THE SCOPE AND AIM OF GEOLOGY

THE SCOPE AND AIM OF GEOLOGY


Geology deals with the rocks of the earth's crust. It learns from their composition and structure how the rocks were made and how they have been modified. It ascertains how they have been brought to their present places and wrought to their various topographic forms, such as hills and valleys, plains and mountains. It studies the vestiges which the rocks preserve of ancient organisms which once inhabited our planet. Geology is the history of the earth and its inhabitants, as read in the rocks of the earth's crust.

To obtain a general idea of the nature and method of our science before beginning its study in detail, we may visit some valley, such as that illustrated in the frontispiece, on whose sides are rocky ledges. Here the rocks lie in horizontal layers. Although only their edges are exposed, we may infer that these layers run into the upland on either side and underlie the entire district; they are part of the foundation of solid rock which everywhere is found beneath the loose materials of the surface.

The ledges of the valley of our illustration are of sandstone. Looking closely at the rock we see that it is composed of myriads of grains of sand cemented together. These grains have been worn and rounded. They are sorted also, those of each layer being about of a size. By some means they have been brought hither from some more ancient source. Surely these grains have had a history before they here found a resting place,--a history which we are to learn to read.

The successive layers of the rock suggest that they were built one after another from the bottom upward. We may be as sure that each layer was formed before those above it as that the bottom courses of stone in a wall were laid before the courses which rest upon them.

We have no reason to believe that the lowest layers which we see here were the earliest ever formed. Indeed, some deep boring in the vicinity may prove that the ledges rest upon other layers of rock which extend downward for many hundreds of feet below the valley floor. Nor may we conclude that the highest layers here were the latest ever laid; for elsewhere we may find still later layers lying upon them.

A short search may find in the rock relics of animals, such as the imprints of shells, which lived when it was deposited; and as these are of kinds whose nearest living relatives now have their home in the sea, we infer that it was on the flat sea floor that the sandstone was laid. Its present position hundreds of feet above sea level proves that it has since emerged to form part of the land; while the flatness of the beds shows that the movement was so uniform and gentle as not to break or strongly bend them from their original attitude.

The surface of some of these layers is ripple-marked. Hence the sand must once have been as loose as that of shallow sea bottoms and sea beaches to-day, which is thrown into similar ripples by movements of the water. In some way the grains have since become cemented into firm rock.

Note that the layers on one side of the valley agree with those on the other, each matching the one opposite at the same level. Once they were continuous across the valley. Where the valley now is was once a continuous upland built of horizontal layers; the layers now show their edges, or OUTCROP, on the valley sides because they have been cut by the valley trench.

The rock of the ledges is crumbling away. At the foot of each step of rock lie fragments which have fallen. Thus the valley is slowly widening. It has been narrower in the past; it will be wider in the future.

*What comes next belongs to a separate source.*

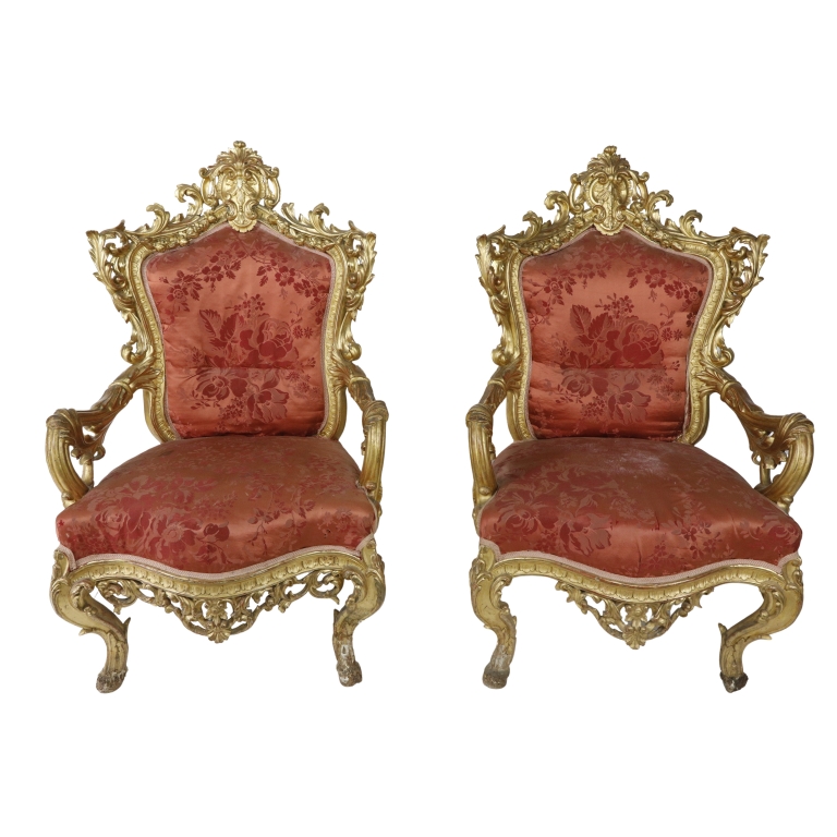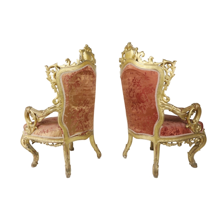 Preziosa e raffinata coppia di poltrone dorate con braccioli, riccamente intagliate.
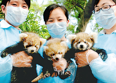 福建福州熊猫世界的小熊猫“思思”7月25日顺利产下的三胞胎日前满月,再次创下小熊猫在人工饲养环境下成功繁育多胞胎的纪录。

Through the valley runs a stream. The waters of rains which have fallen on the upper parts of the stream's basin are now on their way to the river and the sea. Rock fragments and grains of sand creeping down the valley slopes come within reach of the stream and are washed along by the running water. Here and there they lodge for a time in banks of sand and gravel, but sooner or later they are taken up again and carried on. The grains of sand which were brought from some ancient source to form these rocks are on their way to some new goal. As they are washed along the rocky bed of the stream they slowly rasp and wear it deeper. The valley will be deeper in the future; it has been less deep in the past.

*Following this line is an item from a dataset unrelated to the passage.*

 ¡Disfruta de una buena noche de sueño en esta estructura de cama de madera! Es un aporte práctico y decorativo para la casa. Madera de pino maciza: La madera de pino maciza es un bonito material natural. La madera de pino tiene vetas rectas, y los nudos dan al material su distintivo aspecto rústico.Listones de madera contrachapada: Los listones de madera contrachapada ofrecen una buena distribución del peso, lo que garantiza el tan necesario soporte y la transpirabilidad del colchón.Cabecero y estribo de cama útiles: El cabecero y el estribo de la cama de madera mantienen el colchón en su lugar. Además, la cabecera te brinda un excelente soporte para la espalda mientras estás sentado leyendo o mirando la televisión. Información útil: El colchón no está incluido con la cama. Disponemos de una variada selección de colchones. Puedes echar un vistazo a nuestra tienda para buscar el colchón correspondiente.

In this little valley we see slow changes now in progress. We find also in the composition, the structure, and the attitude of the rocks, and the land forms to which they have been sculptured, the record of a long succession of past changes involving the origin of sand grains and their gathering and deposit upon the bottom of some ancient sea, the cementation of their layers into solid rock, the uplift of the rocks to form a land surface, and, last of all, the carving of a valley in the upland. Everywhere, in the fields, along the river, among the mountains, by the seashore, and in the desert, we may discover slow changes now in progress and the record of similar changes in the past. Everywhere we may catch glimpses of a process of gradual change, which stretches backward into the past and forward into the future, by which the forms and structures of the face of the earth are continually built and continually destroyed. The science which deals with this long process is geology. Geology treats of the natural changes now taking place upon the earth and within it, the agencies which produce them, and the land forms and rock structures which result. It studies the changes of the present in order to be able to read the history of the earth's changes in the past.

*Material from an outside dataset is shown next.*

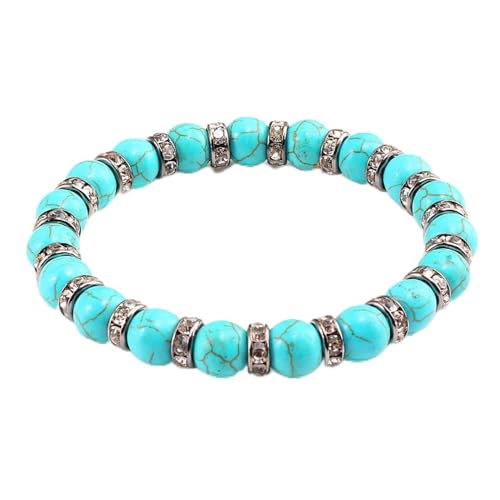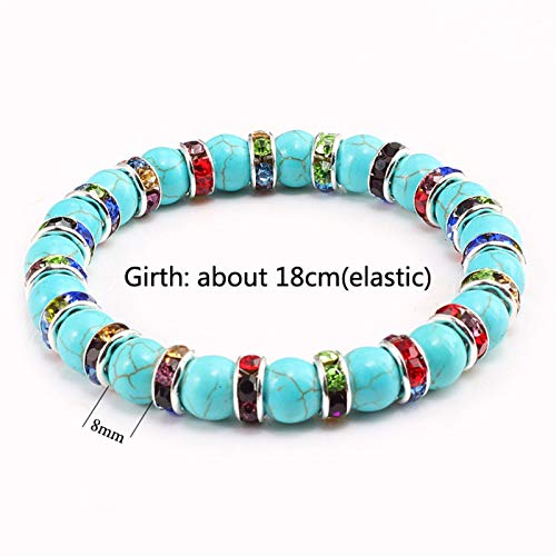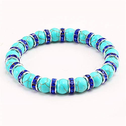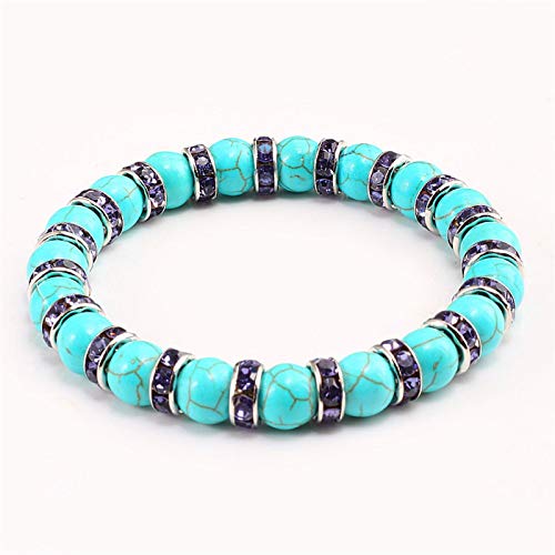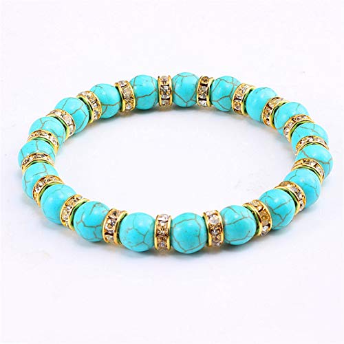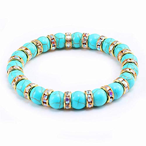 CXBH - Natural Blue Turquoises Stone Charm Bracelets For Women Men Rhinestones Chakra Beads Strand Bracelet Buddha Prayer Jewelry Gifts (Length : 18cm(elastic), Metal Color : Gold Black Gun)

The various agencies which have fashioned the face of the earth may. be divided into two general classes. In Part I we shall consider those which work upon the earth from without, such as the weather, running water, glaciers, the wind, and the sea. In Part II we shall treat of those agencies whose sources are within the earth, and among whose manifestations are volcanoes and earthquakes and the various movements of the earth's crust. As we study each agency we shall notice not only how it does its work, but also the records which it leaves in the rock structures and the land forms which it produces. With this preparation we shall be able in Part III to read in the records of the rocks the history of our planet and the successive forms of life which have dwelt upon it.